When audits are conducted, many companies experience disappointing results because they don’t view the process as a means of revealing areas of opportunity. Rather, audits tend to be thought of as a “black box” process offering little or no value and “all CPAs are the same” translating the service to a commodity. They are left with making a selection of a firm simply based on the lowest apparent cost because they don’t know what to ask and how to differentiate the CPAs to find a firm that provides value through quality services. Needless to say, quality can vary drastically and result in a less-than-superior audit.

Signs of a potentially low-quality audit can include:

  • A firm that’s inadequately staffed to handle your project.
  • Lack of experience within your specific industry niche.
  • An excessively low fee which can signal the firm might not take the time to thoroughly address the complexities of your business or it can signal a “change order” billing in your future.
  • A history of compliance issues with regulators such as the PCAOB.

As the adage goes, “If it’s too good to be true, it probably is!”

Solidify Your Strengths, Resolve Your Weaknesses

While a poor audit will only give you surface level insight, a high-quality audit will systematically reveal whether or not your financial statements provide true and accurate assessments of your accounts, businesses, and current affairs. The results generated can then be used to determine the specific areas of your business which need attention.
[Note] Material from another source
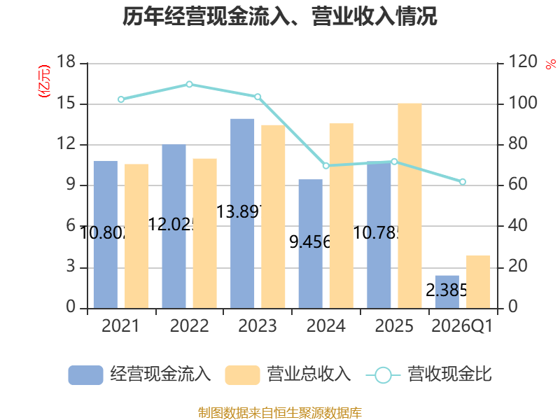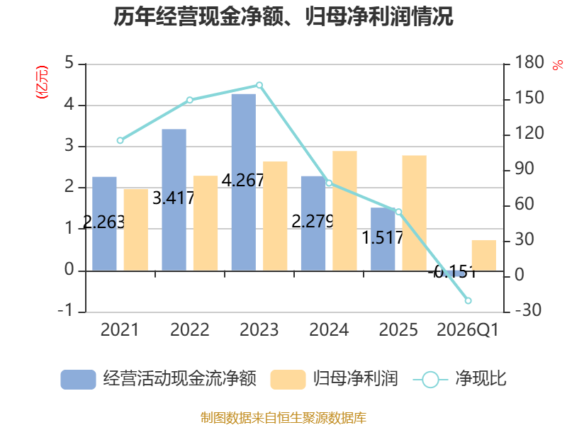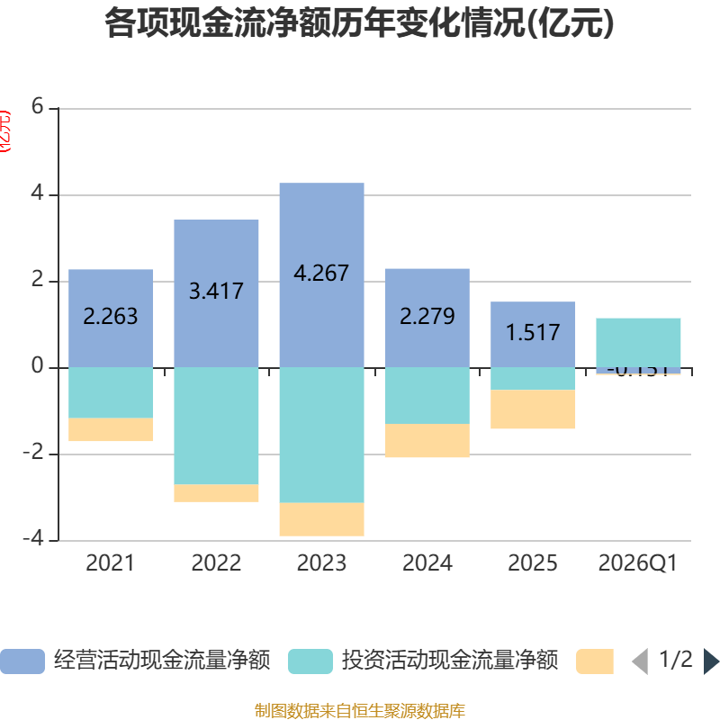 截至2026年一季度末,公司经营活动现金流净额为-1513.19万元,同比减少6982.28万元;筹资活动现金流净额-268.48万元,同比减少268.48万元;投资活动现金流净额1.13亿元,上年同期为-8631.52万元。

Here are some questions to keep in mind when choosing a stellar audit firm:

  • Does your audit team have the experience in your specific industry?
  • Does the firm have relationships in your business areas of interest?
  • Will there be insightful and honest two-way communication throughout the engagement without any surprises in the final reporting?
  • Can you easily meet with them or schedule a conference call?
  • What is the staff to partner ratio? (Hint: the higher the ratio, the less partner involvement you will see.)
  • Ask your firm about their commitment to personnel training. Does their staff receive formal training or learn on-the-job at your expense?
  • Does the firm have the depth of resources to meet your deadlines?
  • Do you feel that you’ll remain important to them after the engagement letter is signed?
  • Does the firm have a clearly stated Code of Conduct? In other words, what do they stand for?
  • Which personnel are responsible for meeting professional practice, risk management, and quality control standards? (Hint: the correct answer is everyone.)
  • How will the auditing team use its professional judgment to reach the conclusion that your company is in compliance with accounting standards—while presenting it objectively and not significantly misstating information?